Cell Surface Heparan Sulfate Proteoglycan Syndecan-2 Induces the Maturation of Dendritic Spines in Rat Hippocampal Neurons



Iryna M. Ethell and Yu Yamaguchi

The Burnham Institute, La Jolla, California 92037

Dendritic spines are small protrusions that receive synapses, and changes in spine morphology are thought to be the structural basis for learning and memory. We demonstrate that the cell surface heparan sulfate proteoglycan syndecan-2 plays a critical role in spine development. Syndecan-2 is concentrated at the synapses, specifically on the dendritic spines of cultured hippocampal neurons, and its accumulation occurs concomitant with the morphological maturation of spines from long thin protrusions to stubby and headed shapes. Early introduction of syndecan-2 cDNA into immature hippocampal neurons, by transient transfection, accelerates spine formation from dendritic protrusions. Deletion of the COOH-terminal EFYA motif of syndecan-2, the binding site for PDZ domain proteins, abrogates the spine-promoting activity of syndecan-2. Syndecan-2 clustering on dendritic protrusions does not require the PDZ domain-binding motif, but another portion of the cytoplasmic domain which includes a protein kinase C phosphorylation site. Our results indicate that syndecan-2 plays a direct role in the development of postsynaptic specialization through its interactions with PDZ domain proteins.

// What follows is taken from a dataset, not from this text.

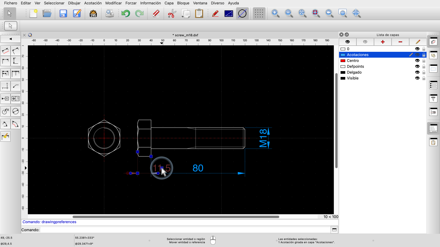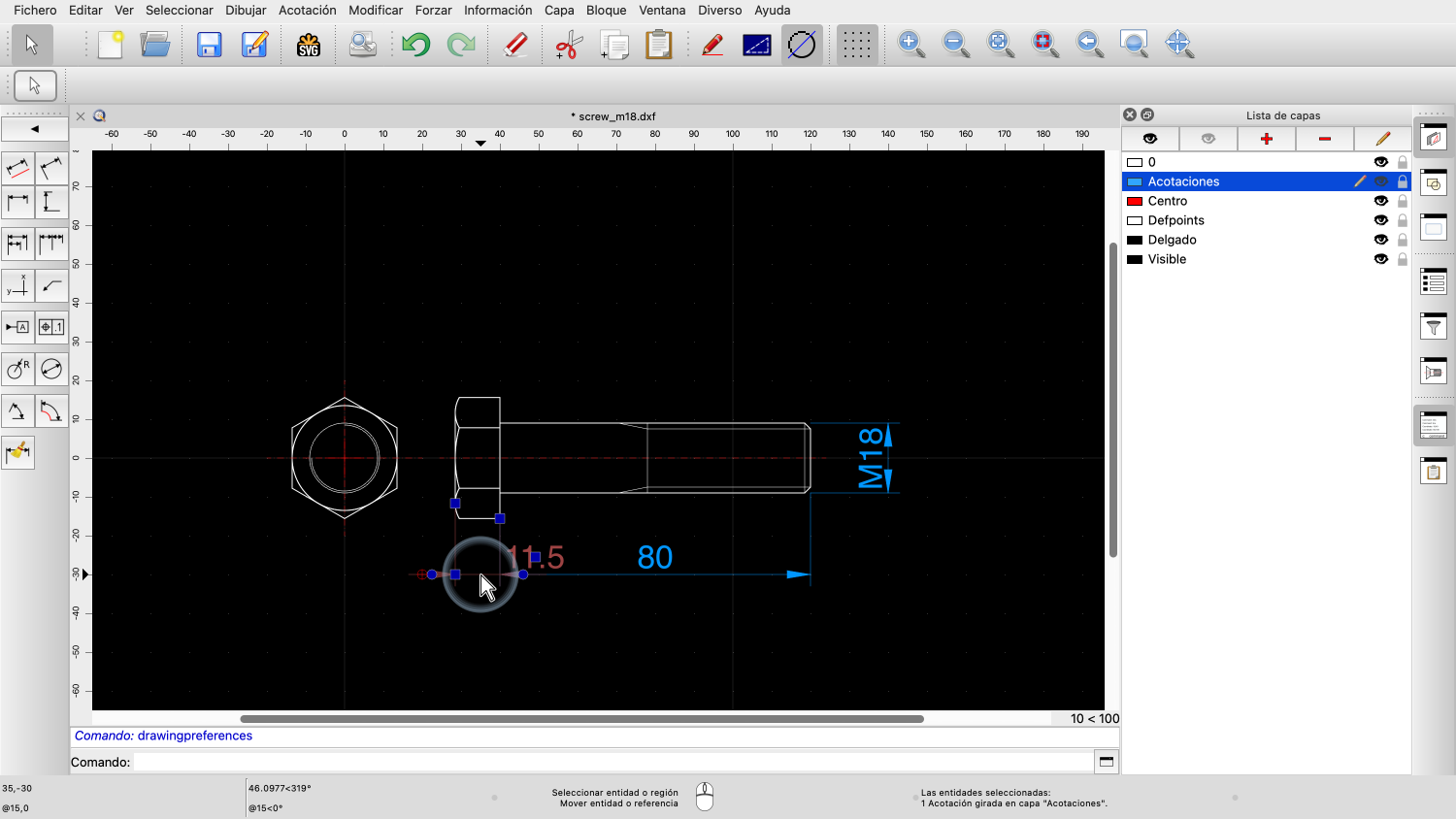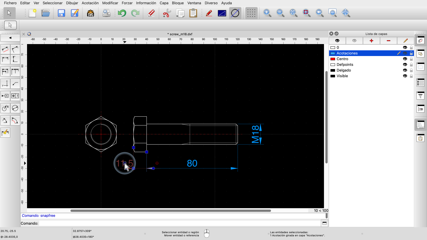 Antes de hacer clic en la posición de la línea de acotación, queremos añadir la letra M antes del número 18 para indicar que el tornillo tiene una rosca métrica.
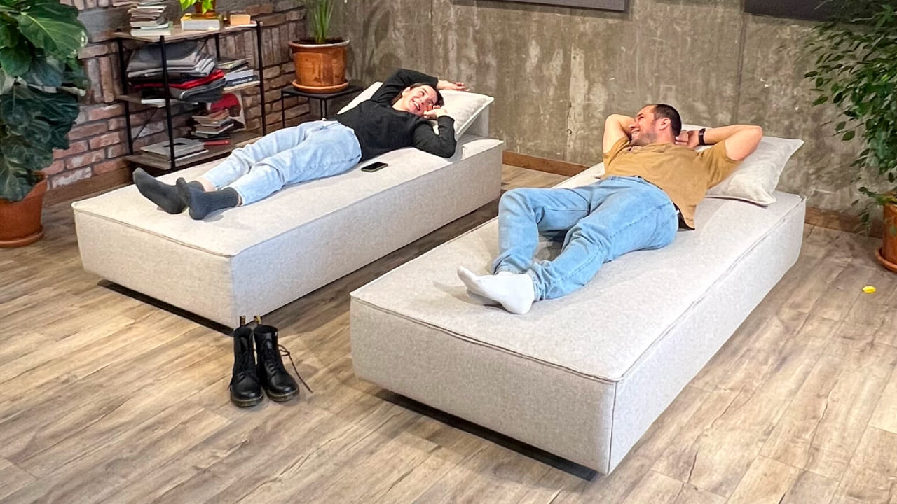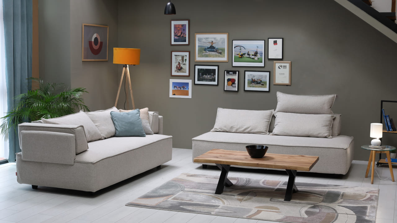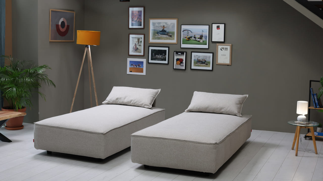 Okrugle noge visoke 8 cm čine garnituru još sofisticiranijom, a možete ih naručiti u svijetlijoj ili tamnijoj varijanti. Ispod svakog elementa je prostor za odlaganje u koji možete spremiti stvari. Sve elemente možete pričvrstiti posebnom metalnom spojnicom i čičkom, tako da će svi elementi ostati na mjestu kada je to potrebno. Garnitura se vrlo lakom preraspodjelom i micanjem elemenata pretvara u ležaj za 2 osobe.

Key Words: syndecan-2 • heparan sulfate proteoglycan • dendritic spines • hippocampal neurons



Address correspondence to Yu Yamaguchi, The Burnham Institute, 10901 North Torrey Pines Road, La Jolla, CA 92037. Tel.: 619-646-3124. Fax: 619-646-3199. E-mail: yyamaguchi{at}burnham-inst.org

Abbreviations used in this paper: DIV, days in vitro; E, embryonic day; GFP, green fluorescent protein; HSPG, heparan sulfate proteoglycan; PKC, protein kinase C; PSD, postsynaptic density.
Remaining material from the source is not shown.